Nun, werden die Jungs, am 11. Mai, ihr Debüt – Album „Disobey“ veröffentlichen. Die 13 Tracks starke Scheibe ist wahrlich eine Platte mit Suchtfaktor, schon beim ersten reinhören waren wir schier begeistert. „Disobey“ ist Track für Track purer Metal gezeichnet durch intensive Gitarren Riffs und einem dennoch sehr melodischen Klang, die fast greifbar erscheinende Atmosphäre welche sich vom ersten Song an aufbaut und sich bis zum letzten Track „Toast To The Ghost“ stetig steigert hat uns vollends überzeugt.

 

Besonders der Track „Zombie“, den die Jungs echt originelle interpretiert haben, ist ein echter Ohrwurm. Der Song, welcher eigentlich mit der verstorbenen Sängerin Dolores O’Riordans von The Cranberries neu aufgenommen werden sollte, wurde schließlich als Tribut an die Künstlerin von Bad Wolves zu Ende gebracht und erschien nun als Song Nummer 4 auf dem neuen Ding. „Zombie“ trifft wie genau vor 25 Jahren den Nerv der Zeit und wird immer noch von einer breiten Masse an Menschen, ganz gleich welche Genre Angehörigkeit, breitspannig gehört. Stetig steigen die Klickzahlen auf Youtube für „Zombie“ von Bad Wolves und besitzt bis dato stolze 54 Millionen Aufrufe… Chapeau!

 

Doch, unser absolutes Highlight auf „Disobey“ ist definitiv „Better The Devil“. Der leicht psychedelische Sound des Tracks zeigt ein breites Repertoire an harten Klängen und schnellen Gitarren Riffs on Top wird das Ganze dann durch Tommys raue Stimme abgerundet. All diese Faktoren munden in einen sehr harmonischen Klang, der schließlich im Refrain zu einem gewaltigen Feuerwerk explodiert.

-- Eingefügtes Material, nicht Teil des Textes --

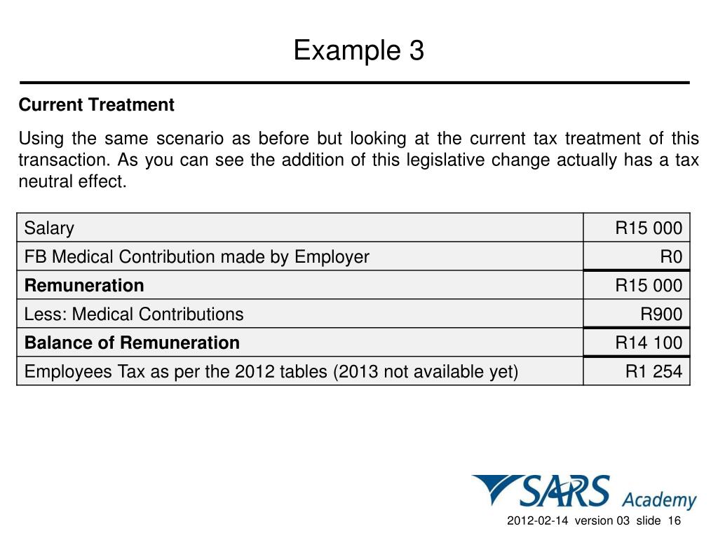 Example 3 Example 3: Employee Over 65 Stanley (66) contributes R900 to his medical aid and his employer contributes R1 000 on his behalf. Stanley has his wife on his medical aid scheme. Stanley has earned a salary of R15 000 for the month of April 2011. Calculate the applicable Employees Tax due on Stanley’s Remuneration. Suggested Solution: • 2012-02-14 version 03 slide 15

Insgesamt ein Hammer Song, den man sich unbedingt Live anhören sollte.

 

Die Jungs von Bad Wolves sind noch bis September in Amerika unterwegs und touren dort unteranderem mit Five Finger Death Punch sowie Shinedown. Sobald die Band in unseren Landen touert, sagen wir euch diesbezüglich frühgenug Bescheid 😉

 

Wir sind definitiv begeistert von der neuen Scheibe und freuen uns wahnsinnig darauf „Disobey“ schon bald einen Platz in unserem CD Regal einräumen zu dürfen – Die Scheibe bekommt von uns auf jeden Fall das Prädikat „Kaufempfehlung“.